In any given network stream, one of the endpoints is designated as the active endpoint, and the other endpoint is designated as the passive endpoint.  The active endpoint is the endpoint that originates the initial network connection and is responsible for actively trying to reestablish the connection whenever it detects the network status has become disconnected.  Conversely, the passive endpoint is the endpoint that listens or waits to receive a connection request.  In terms of client/server terminology, the active endpoint is synonymous with the client, and the passive endpoint is synonymous with the server.  The create endpoint function designates which endpoint is the active one.  The endpoint that specifies the URL of the remote endpoint it wants to connect to is designated as the active endpoint, and the endpoint that doesn’t specify a URL for the remote endpoint is designated as the passive endpoint.

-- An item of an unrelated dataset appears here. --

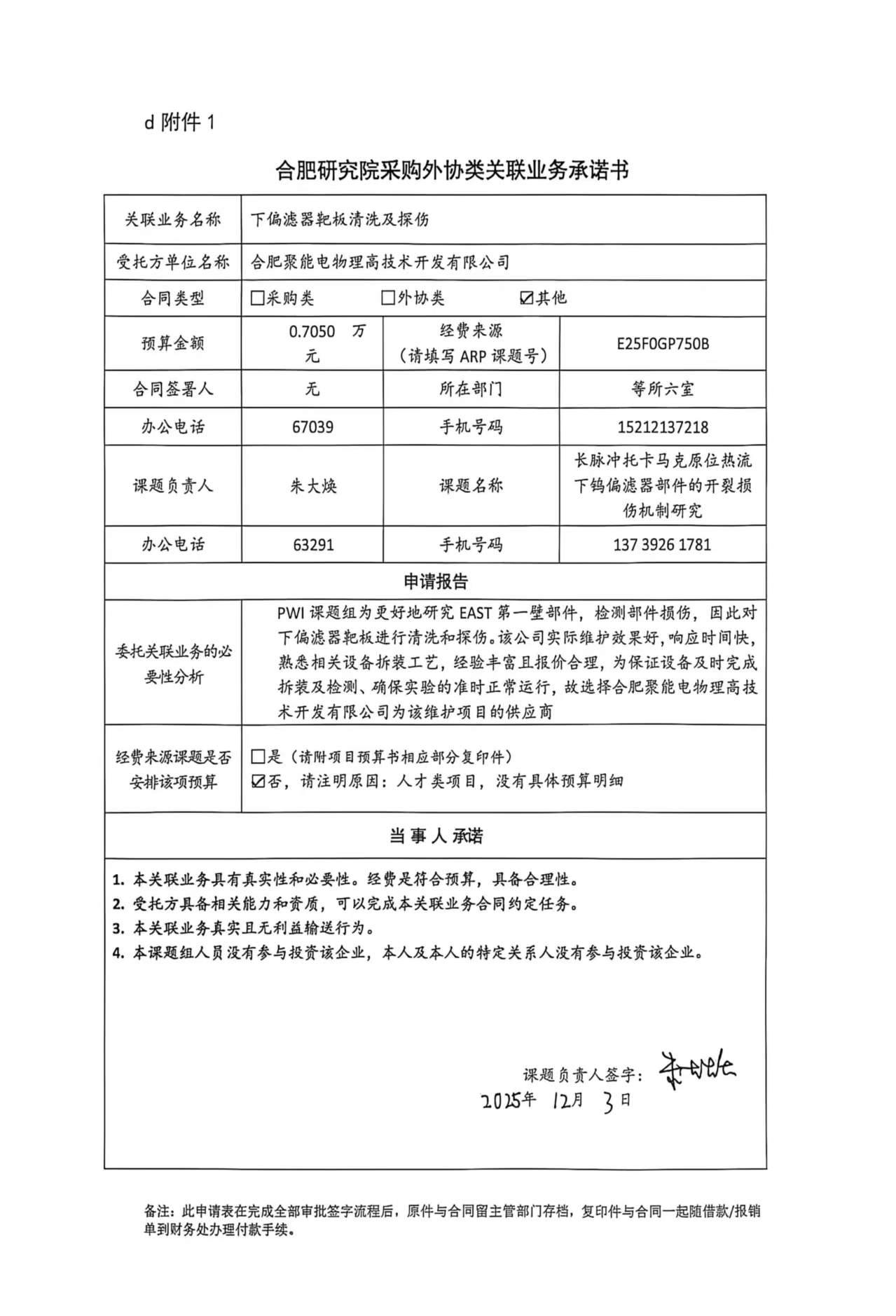 根据《中国科学院关于加强科研项目关联业务管理的暂行规定》(科发条财字〔2015〕125号)、《中国科学院合肥物质科学研究院关于加强科研项目关联业务管理的实施细则》(科合院发资字〔2021〕8号)、《合肥研究院加强关联业务管理暂行办法》(科合院发资字〔2022〕 1号)、《合肥物质院加强关联业务管理补充规定》(科合院发资字〔2025〕1号)要求,现就我院委托合肥聚能电物理高技术开发有限公司进行下偏滤器靶板清洗及探伤的关联业务做公示。

In the picture above, the writer endpoint on the left is the active endpoint since it specifies the URL of the reader endpoint it’s connecting to.  On the other hand, the reader endpoint on the right is designated as the passive endpoint since it doesn’t specify the URL of the endpoint it’s connecting to.  If both endpoints specify the remote endpoint they’re connecting to, the endpoint that gets designated as the active endpoint is not deterministic and will depend on the order in which protocol messages are transmitted and received on the network.

In the event of a disconnection, the active endpoint will continuously try to reestablish communication with the passive endpoint in the background.  This background process will continue until the connection is repaired or until the endpoint is destroyed.  While in the disconnected state, writes to the writer endpoint will continue to succeed until the writer is full, and reads from the reader endpoint will continue to succeed until the reader is empty.  Once the writer is full or the reader is empty, read and write calls will block and return timeout indicators as appropriate.  However, no errors will be returned from the read or write call itself. 

While the endpoint buffers provide some level of protection from jitter due to unreliable networks, they will eventually fill up or empty if the network remains disconnected for too long.  If your application needs to tolerate long network outages, you should either size your endpoint buffers to absorb the largest amount of downtime expected or implement appropriate logic to handle timeout conditions in a disconnected state.  Also, although a stream is able to recognize it’s in a disconnected state, it can’t always differentiate whether the disconnection is the result of a network problem or an application crash or hang from the application containing the remote endpoint.  In the case of a crash or hang, if the endpoint that crashed was the active endpoint, the passive endpoint that is still running will wait forever to receive a reconnection.   Since the remote application is no longer responding, this message will never arrive, and the local application will make no further progress with the stream connection.  If your application needs to tolerate and recover from crashes or hangs in the remote application, it’s recommended you implement your own watchdog timer by periodically checking the Connected property and taking appropriate action if you are unable to reestablish communication in a reasonable amount of time.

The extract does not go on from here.